BEGIN

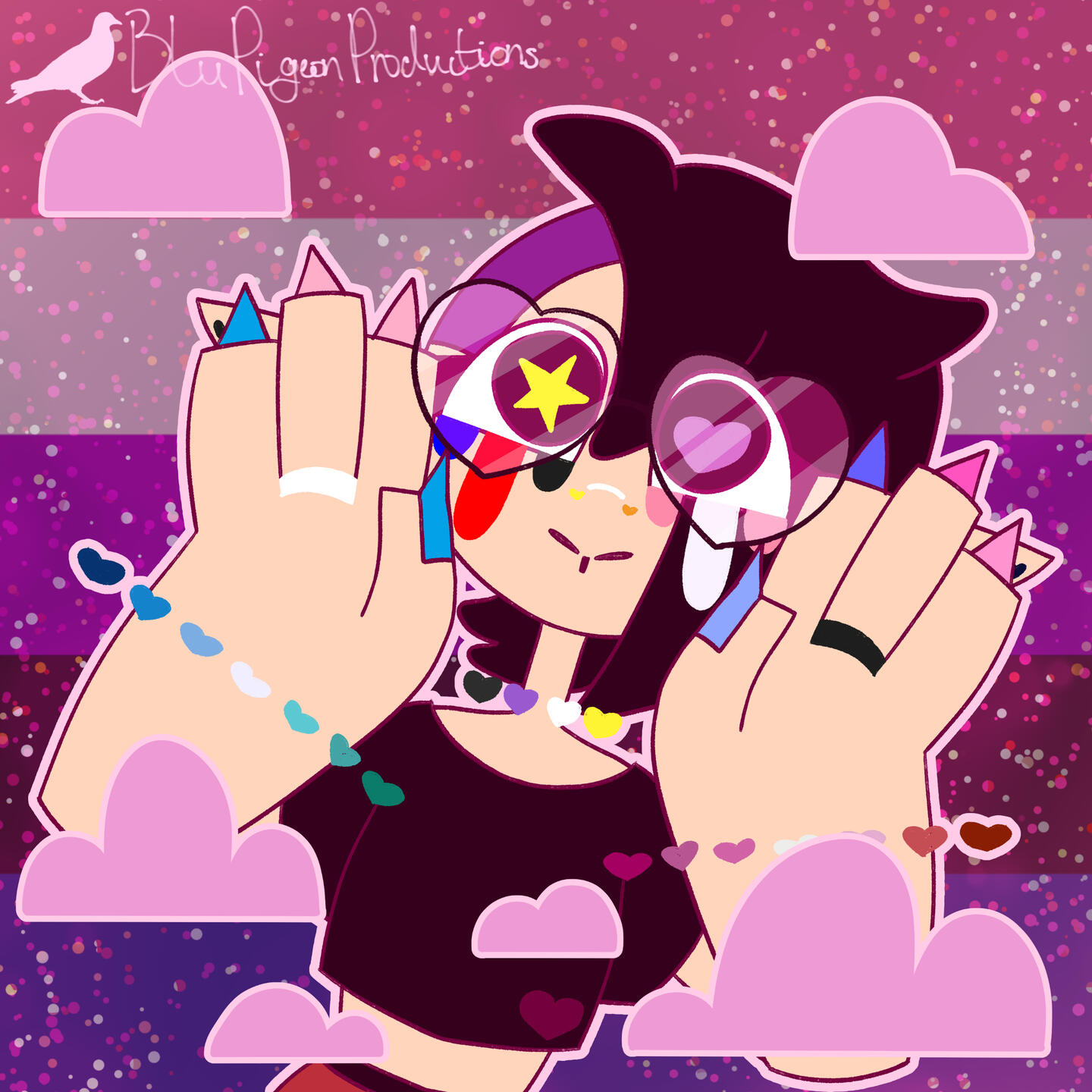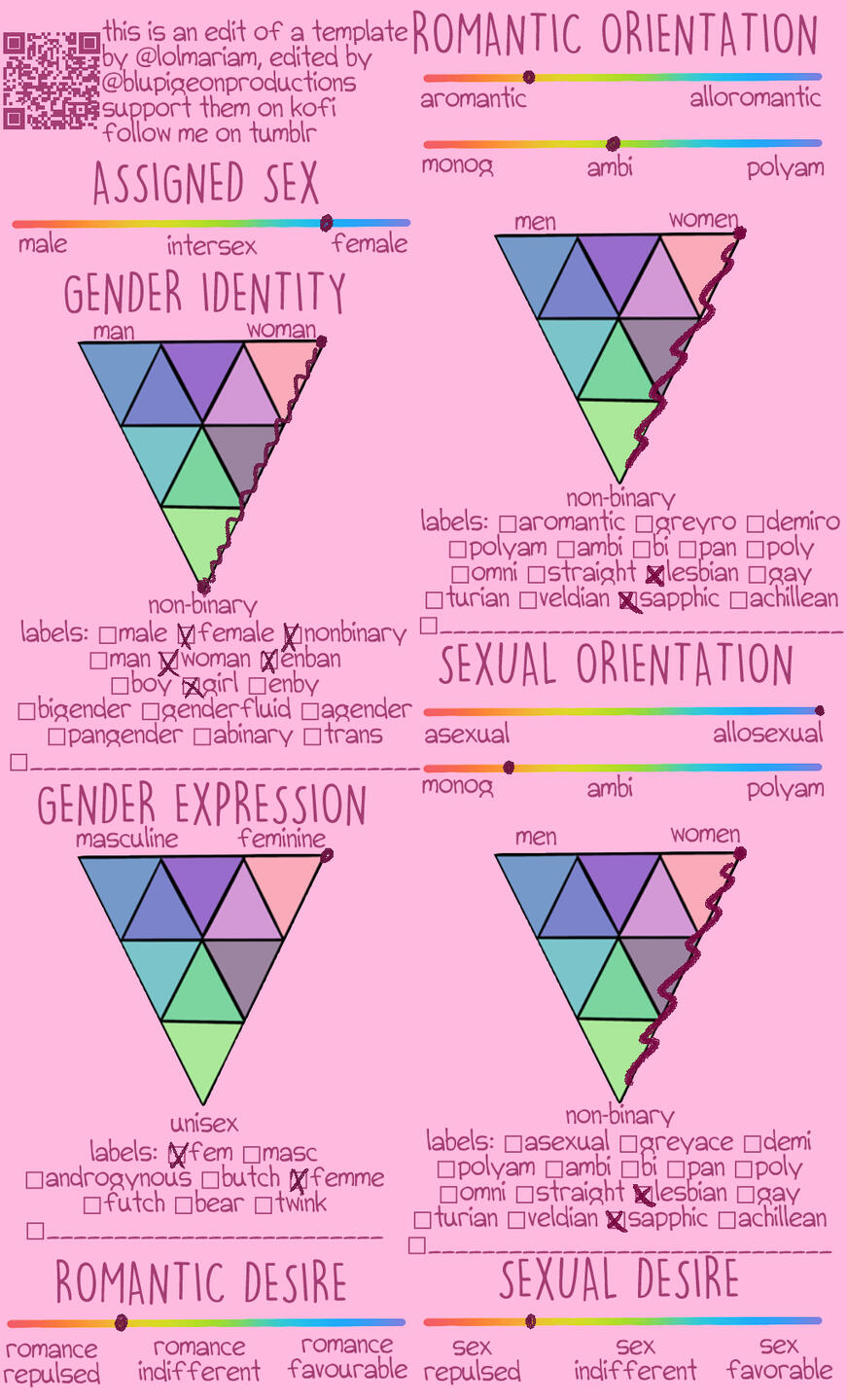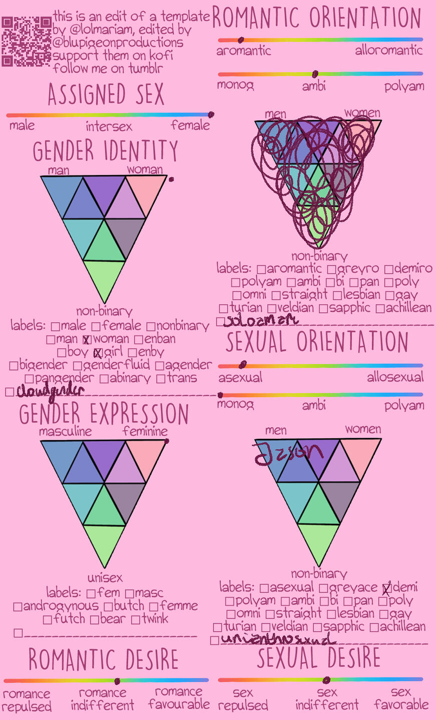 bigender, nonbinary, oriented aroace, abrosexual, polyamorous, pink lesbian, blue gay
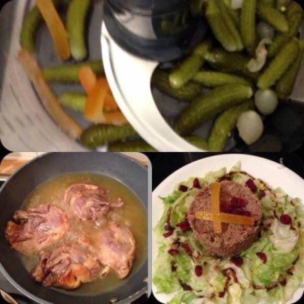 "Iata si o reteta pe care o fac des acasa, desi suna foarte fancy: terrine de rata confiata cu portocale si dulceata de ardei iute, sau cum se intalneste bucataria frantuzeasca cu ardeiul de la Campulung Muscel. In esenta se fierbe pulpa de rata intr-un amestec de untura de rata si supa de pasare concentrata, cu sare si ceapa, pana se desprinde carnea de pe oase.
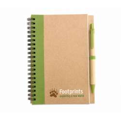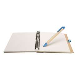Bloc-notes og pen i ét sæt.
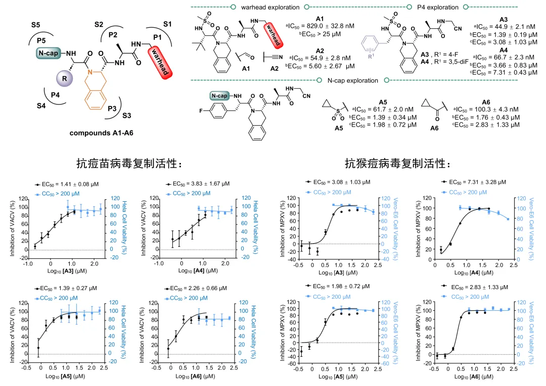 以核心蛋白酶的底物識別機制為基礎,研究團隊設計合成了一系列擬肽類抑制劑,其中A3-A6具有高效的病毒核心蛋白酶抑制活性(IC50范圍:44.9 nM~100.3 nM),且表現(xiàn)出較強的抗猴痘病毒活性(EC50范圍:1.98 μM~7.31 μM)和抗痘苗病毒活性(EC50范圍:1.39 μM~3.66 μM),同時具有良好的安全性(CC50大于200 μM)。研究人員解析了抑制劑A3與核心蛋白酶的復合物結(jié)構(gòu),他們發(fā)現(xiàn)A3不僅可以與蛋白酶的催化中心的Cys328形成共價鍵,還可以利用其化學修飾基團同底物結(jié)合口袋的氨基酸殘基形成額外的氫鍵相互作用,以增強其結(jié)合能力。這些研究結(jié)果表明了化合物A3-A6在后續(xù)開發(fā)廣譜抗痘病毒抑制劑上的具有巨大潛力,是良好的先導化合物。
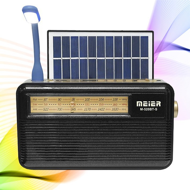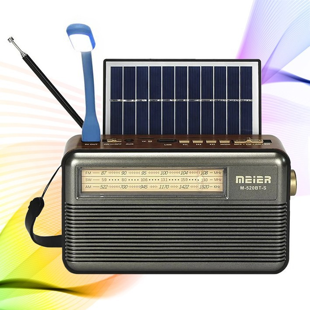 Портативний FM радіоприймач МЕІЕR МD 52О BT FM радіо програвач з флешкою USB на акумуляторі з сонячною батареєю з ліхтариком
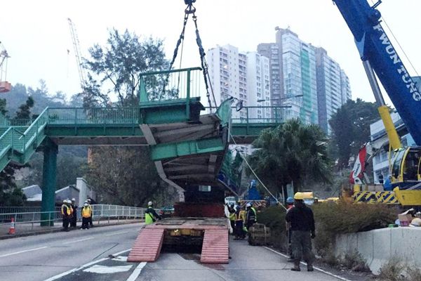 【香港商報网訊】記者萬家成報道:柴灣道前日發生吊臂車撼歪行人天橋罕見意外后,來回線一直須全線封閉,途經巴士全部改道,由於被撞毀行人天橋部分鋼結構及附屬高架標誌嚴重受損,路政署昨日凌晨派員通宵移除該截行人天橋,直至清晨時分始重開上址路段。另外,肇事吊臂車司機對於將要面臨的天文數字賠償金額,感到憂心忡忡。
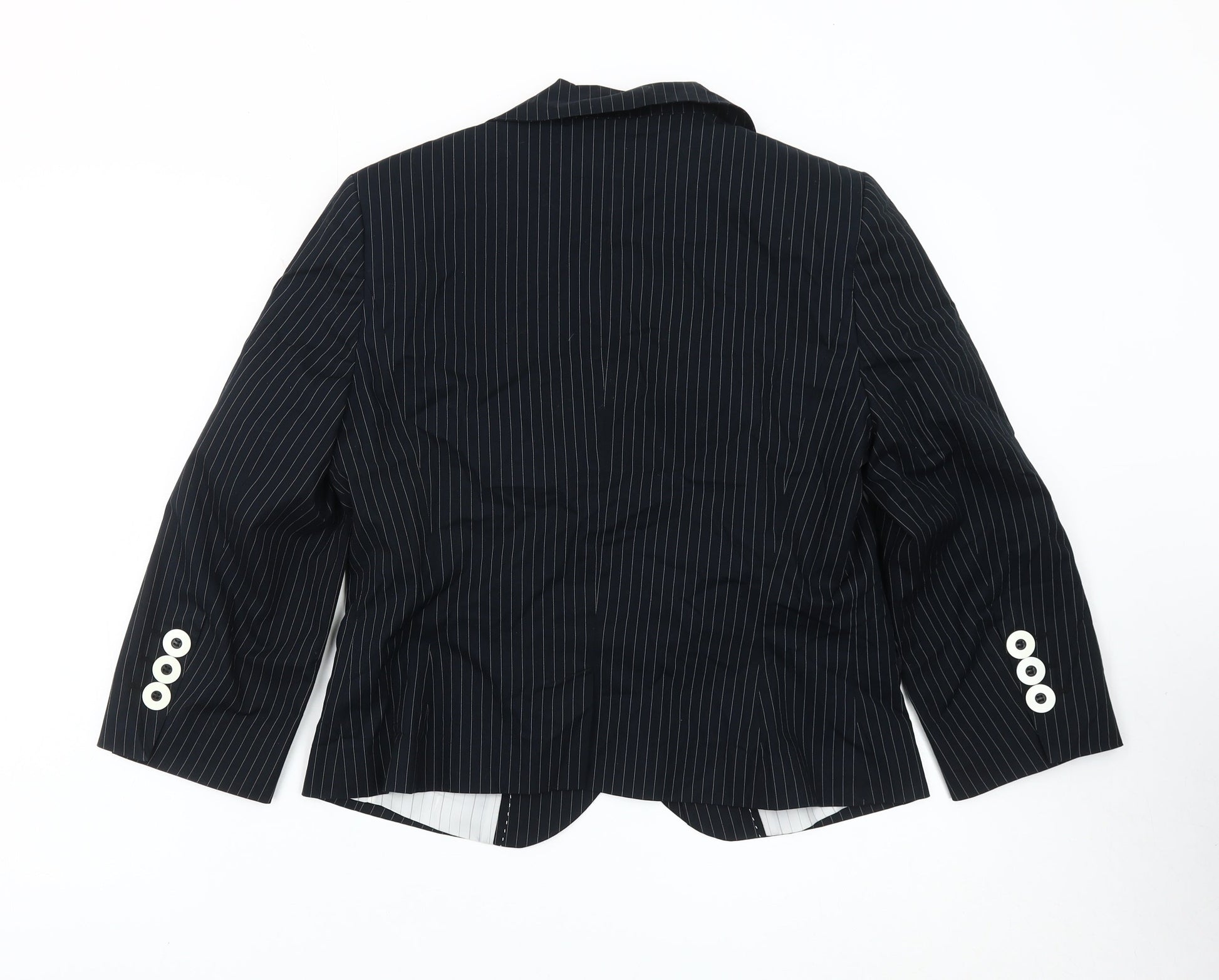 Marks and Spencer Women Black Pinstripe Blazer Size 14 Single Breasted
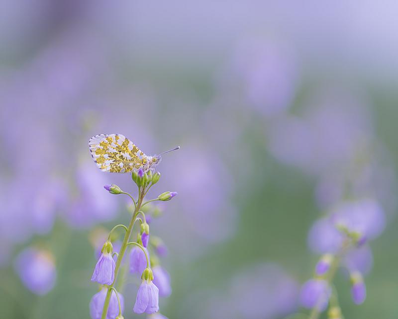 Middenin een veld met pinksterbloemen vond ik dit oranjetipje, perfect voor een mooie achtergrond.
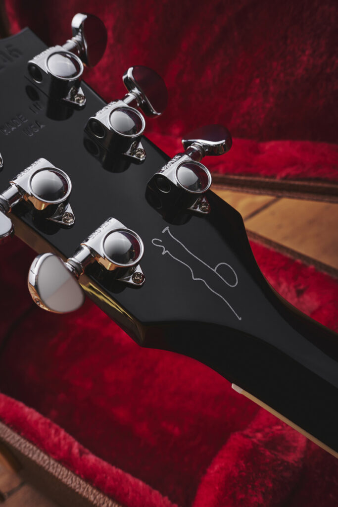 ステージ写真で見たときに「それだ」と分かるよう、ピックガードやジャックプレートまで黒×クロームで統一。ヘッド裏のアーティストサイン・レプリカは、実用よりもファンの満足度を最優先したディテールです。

END

• **Description of the task**
Leave the pictures out. Output exactly, and only, the lines from the one with "Marks and Spencer" through the last line of the listing above, both included.

• **Result**
 Marks and Spencer Women Black Pinstripe Blazer Size 14 Single Breasted
 Middenin een veld met pinksterbloemen vond ik dit oranjetipje, perfect voor een mooie achtergrond.
 ステージ写真で見たときに「それだ」と分かるよう、ピックガードやジャックプレートまで黒×クロームで統一。ヘッド裏のアーティストサイン・レプリカは、実用よりもファンの満足度を最優先したディテールです。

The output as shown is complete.